3. Compare environment and image between working and broken revisions:
• oc rollout history deploy/myapp
• oc describe deploy myapp
4. If config-related:
• Fix ConfigMap/Secret or env vars.
• Redeploy and verify.

Scenario 2: Application Suddenly Slow Under Load

Symptoms:

• Increased response times.
• Some requests timing out.
• No recent deployments.

Actions:

1. Check metrics for:
• CPU and memory usage of pods.
• Request rate and error rate.
2. Look for:
• CPU throttling (near or at limit).
• OOMKilled restarts.
3. Evaluate scaling:
• Is Horizontal Pod Autoscaling in place and working?
4. Use tracing (if available) or logs to see which operations are slow.
5. Adjust:
• Resource requests/limits.
• Application code / queries.
• Autoscaling thresholds.

Scenario 3: Some Requests Fail, Others Succeed

Symptoms:

• Intermittent 5xx or 503.
• Only some users affected.

Actions:

1. Check pod readiness and restarts:
• oc get pods
• oc describe pod <pod>
2. Examine logs for specific pods with errors around the same time.
3. Check if:
• Only specific pods misbehave (e.g., one pod misconfigured, others fine).
• Errors correlate with particular routes/paths.
4. Drain or delete problematic pod(s) and observe:
• If problem disappears, inspect configuration differences.

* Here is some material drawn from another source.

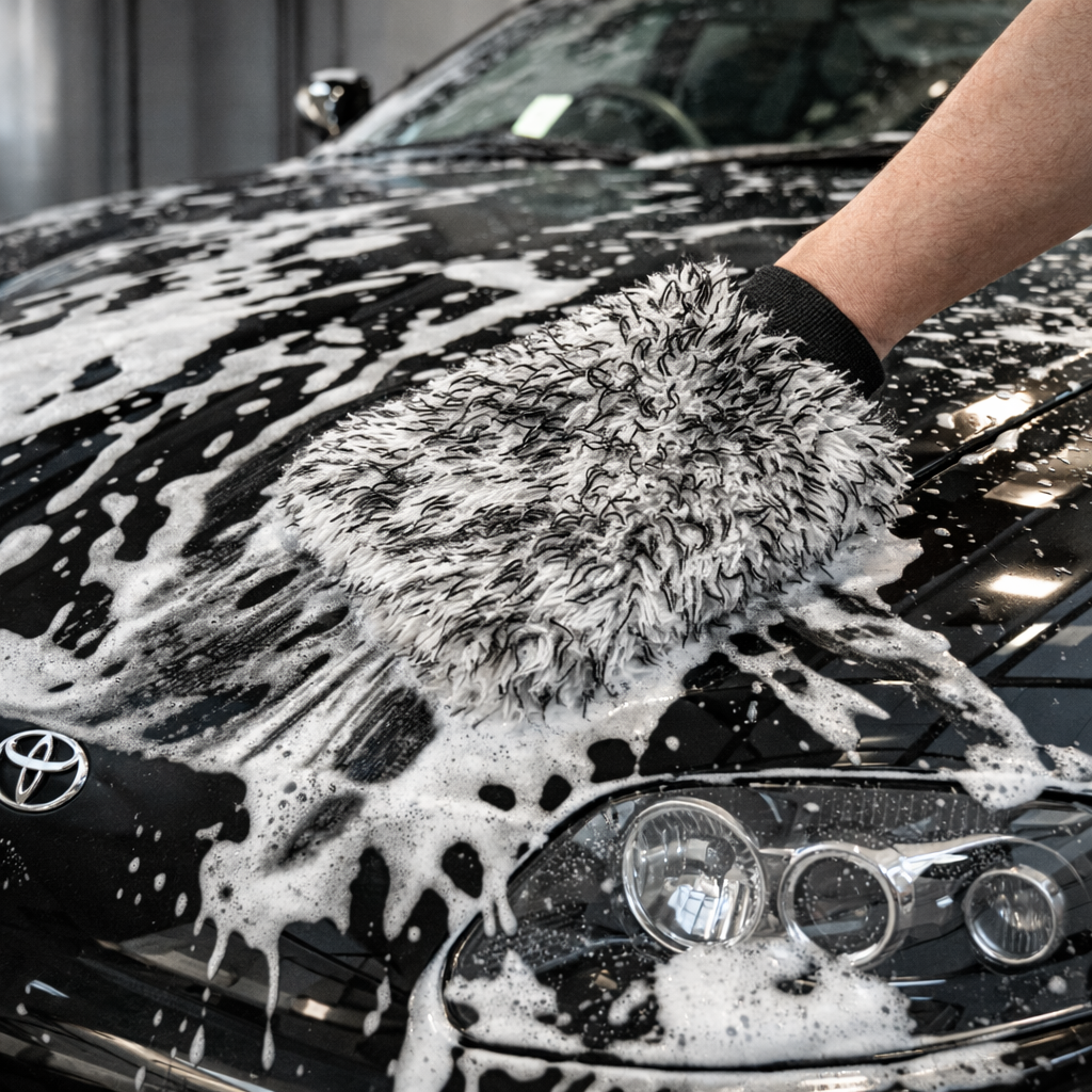 Für ein optimales Reinigungsergebnis bei der Handwäsche empfehlen wir unseren Mikrofaserhandschuh. Er sorgt für hohe Schmutzaufnahme, ist sanft zur Oberfläche und liegt angenehm in der Hand.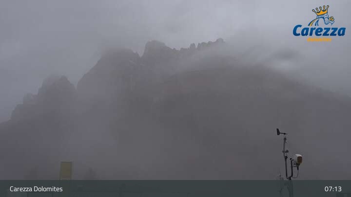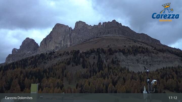 Hier siehst du die Talstation des Sessellifts Pra di Tori sowie die Berge von Carezza

Building Troubleshooting into Your Development Process

The most effective troubleshooting is prepared:

• Design applications with:
• Clear and consistent logging (levels, structure, correlation IDs).
• Health endpoints suitable for probes and manual checks.
• Configurations externalized and observable (e.g., logging config at startup).
• Include:
• Synthetic tests and dashboards targeting key endpoints.
• Alerts on critical error rates and latencies.

In OpenShift, this means:

• Leveraging the platform’s logging and monitoring but making sure your application exposes enough meaningful signals.
• Using oc and the console not only when something breaks, but also during development and testing, so the troubleshooting process becomes familiar and repeatable.

By combining logs, metrics, traces, and the runtime inspection tools shown here, you can methodically track down most application-level issues on OpenShift.